Can you imagine telling your board that revenue and number of members are not the most important measures of organizational growth?
As the leader of the organization, it is your job to drive revenue to run programs and find members to pay memberships, sponsorships, and attend events. It is the lifeblood of the organization. And it’s your job to do both.
Of course you play a key role in those outcomes and their growth.
Here is the challenge. Who ultimately controls that decision?
- Are you the one approving the purchase requisition?
- Do you sign the sponsorship check?
- Do you convince leadership about the value of membership?
As leaders of membership organizations, ultimately, we cannot control members’ decisions to join, sponsor, or attend. They have to make those decisions.
So why spend so much time focused on things you can’t control?
What if you focused more time on those things you can control?
So many factors go into your success, which leads to organizational success. Are you clear on what they are and if you are growing them? It isn’t luck, being in the right place at the right time, or happenstance. It is taking intentional steps to free up your time for the most important efforts; to enable your staff to connect and engage with members and create processes that make your organization more effective.
Are you clear on what they are?
Things like accountability, motivation, delegation, and others are the areas that strengthen your organization and drive revenue and membership growth.

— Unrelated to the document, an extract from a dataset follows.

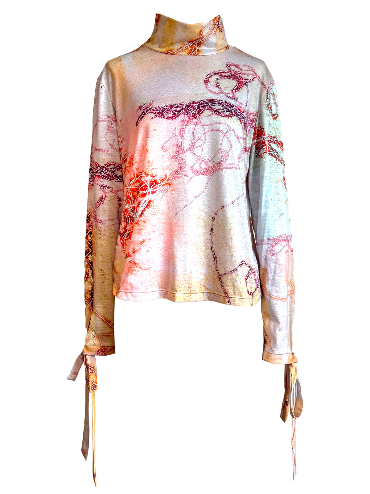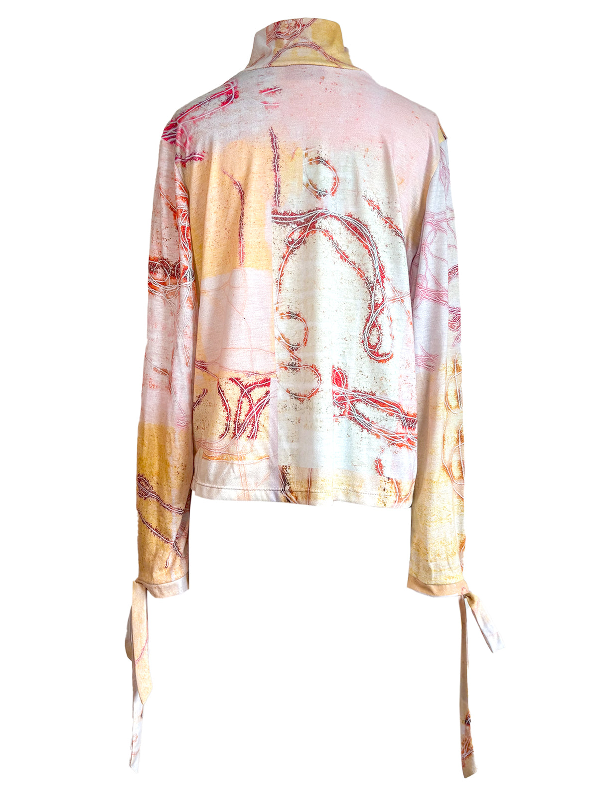 A tactile reflection on connection, the Strings of Fate long sleeve top is crafted in soft cotton jersey with a classic mock neck silhouette. The painterly print featuring butter yellow, ochre, magenta, and rust, unfolds like a woven narrative, inspired by the idea that threads can bind stories, people, and time. Slip-on in style, the piece is finished with delicate ties at the wrist. 100% Cotton

How often do you evaluate, measure, and report on these key areas of effective leadership and organizational growth?
As you consider thinking differently about your organization’s growth, here are four steps you can take to better understand where you and your organization can grow. They will help you determine the areas you can control and see where you have room for growth.
- Take this free and quick leadership assessment to get a baseline awareness of your strength in these key leadership areas.
- Determine where growth is needed.
- Decide which one you will address first.
- Schedule regular reviews to understand and evaluate your growth and where you have room for more.
Being clear on where you stand and where you still have room for growth is critical for leaders and organizations. It is hard to control what you don’t measure and hard to grow when you focus on things you can’t control.
Your board will never stop measuring your growth in terms of revenue and members and those aren’t likely to grow if you are not growing as a leader in the areas you can control.